From Jacob, Heroku's Director of Security at the time:
The router doesn't overwrite X-Forwarded-For, but it does guarantee that the real origin will always be the last item in the list.
This means that, if you access a Heroku app in the normal way, you will just see your IP address in the X-Forwarded-For header:
$ curl http://httpbin.org/ip
{
"origin": "123.124.125.126",
}
If you try to spoof the IP, your alleged origin is reflected, but - critically - so is your real IP. Obviously, this is all we need, so there's a clear and secure solution for getting the client's IP address on Heroku:
$ curl -H"X-Forwarded-For: 8.8.8.8" http://httpbin.org/ip
{
"origin": "8.8.8.8, 123.124.125.126"
}
This is just the opposite of what is described on Wikipedia, by the way.
PHP implementation:
function getIpAddress() {
if (isset($_SERVER['HTTP_X_FORWARDED_FOR'])) {
$ipAddresses = explode(',', $_SERVER['HTTP_X_FORWARDED_FOR']);
return trim(end($ipAddresses));
}
else {
return $_SERVER['REMOTE_ADDR'];
}
}

I work in Heroku's support department and have spent some time discussing this with our routing engineers.
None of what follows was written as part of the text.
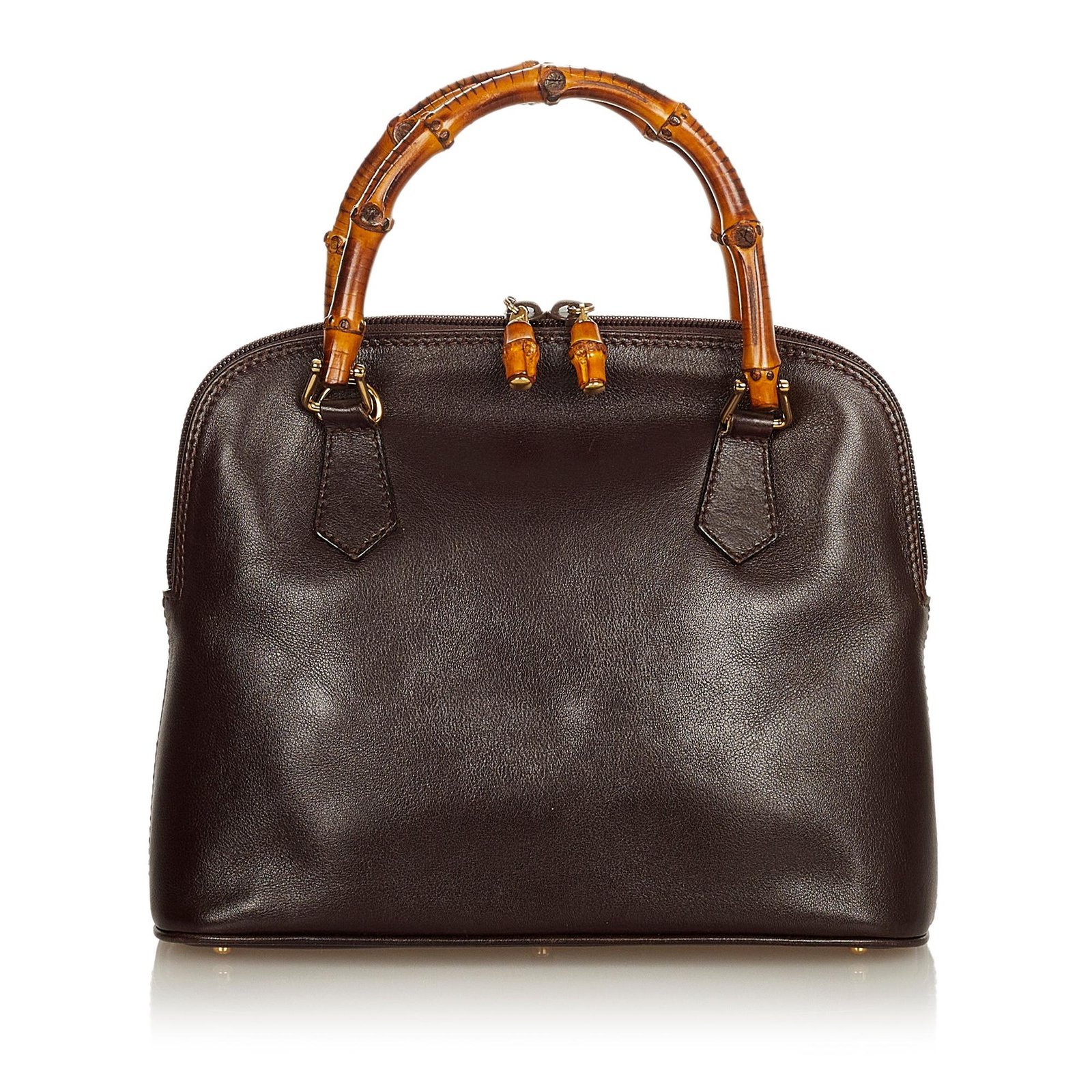 The Gucci Bamboo Leather Handbag is a chic and versatile accessory that combines iconic Gucci design with elegant craftsmanship. Crafted from luxurious bordeaux leather with gold-tone accents, this handbag features the signature bamboo handle detailing, creating a refined and timeless focal point.

I wanted to post some additional information to clarify some things about what's going on here.
The example provided in the answer above just had the client IP displayed last coincidentally and that's not really guaranteed. The reason it wasn't first is because the originating request claimed that it was forwarding for the IP specified in the X-Forwarded-For header. When the Heroku router received the request, it just appended the IP that was directly connecting to the X-Forwarded-For list after the one that had been injected into the request. Our router always adds the IP that connected to the AWS ELB in front of our platform as the last IP in the list. This IP could be the original one (and in the case where there's only one IP, it almost certainly is), but the instant there are multiple IPs chained, all bets are off. Convention is always to add the latest IP in the chain to the end of the list (which is what we do), but at any point along the chain that chain can be altered and different IPs could be inserted. As such, the only IP that's reliable (from the perspective of our platform) is the last IP in the list.
To illustrate, let's say someone initiates a request and arbitrarily adds 3 additional IPs to the X-Forwarded-For header:
curl -H "X-Forwarded-For: 12.12.12.12,15.15.15.15,4.4.4.4" http://www.google.com
Imagine this machine's IP was 9.9.9.9 and that it had to pass through a proxy (e.g., a university's campus-wide proxy). Let's say that proxy had an IP of 2.2.2.2. Assuming it wasn't configured to strip X-Forwarded-For headers (which it likely wouldn't be), it would just tack the 9.9.9.9 IP to the end of the list and pass the request on to Google. At this point, the header would look like this:
X-Forwarded-For: 12.12.12.12,15.15.15.15,4.4.4.4,9.9.9.9
That request will then pass through Google's endpoint, which will append the university proxy's IP of 2.2.2.2, so the header will finally look like this in Google's logs:
X-Forwarded-For: 12.12.12.12,15.15.15.15,4.4.4.4,9.9.9.9,2.2.2.2
So, which is the client IP? It's impossible to say from Google's standpoint. In reality, the client IP is 9.9.9.9. The last IP listed is 2.2.2.2 though and the first is 12.12.12.12. All Google would know is that the 2.2.2.2 IP is definitely correct because that was the IP that actually connected to their service – but they wouldn't know if that was the initial client for the request or not from the data available. In the same way, when there's just one IP in this header – that is the IP that directly connected to our service, so we know it's reliable.
From a practical standpoint, this IP will likely be reliable most of the time (because most people won't be bothering to spoof their IP). Unfortunately, it's impossible to prevent this sort of spoofing and by the time a request gets to the Heroku router, it's impossible for us to tell if IPs in an X-Forwarded-For chain have been tampered with or not.
All reliability issues aside, these IP chains should always be read from left-to-right. The client IP should always be the left-most IP.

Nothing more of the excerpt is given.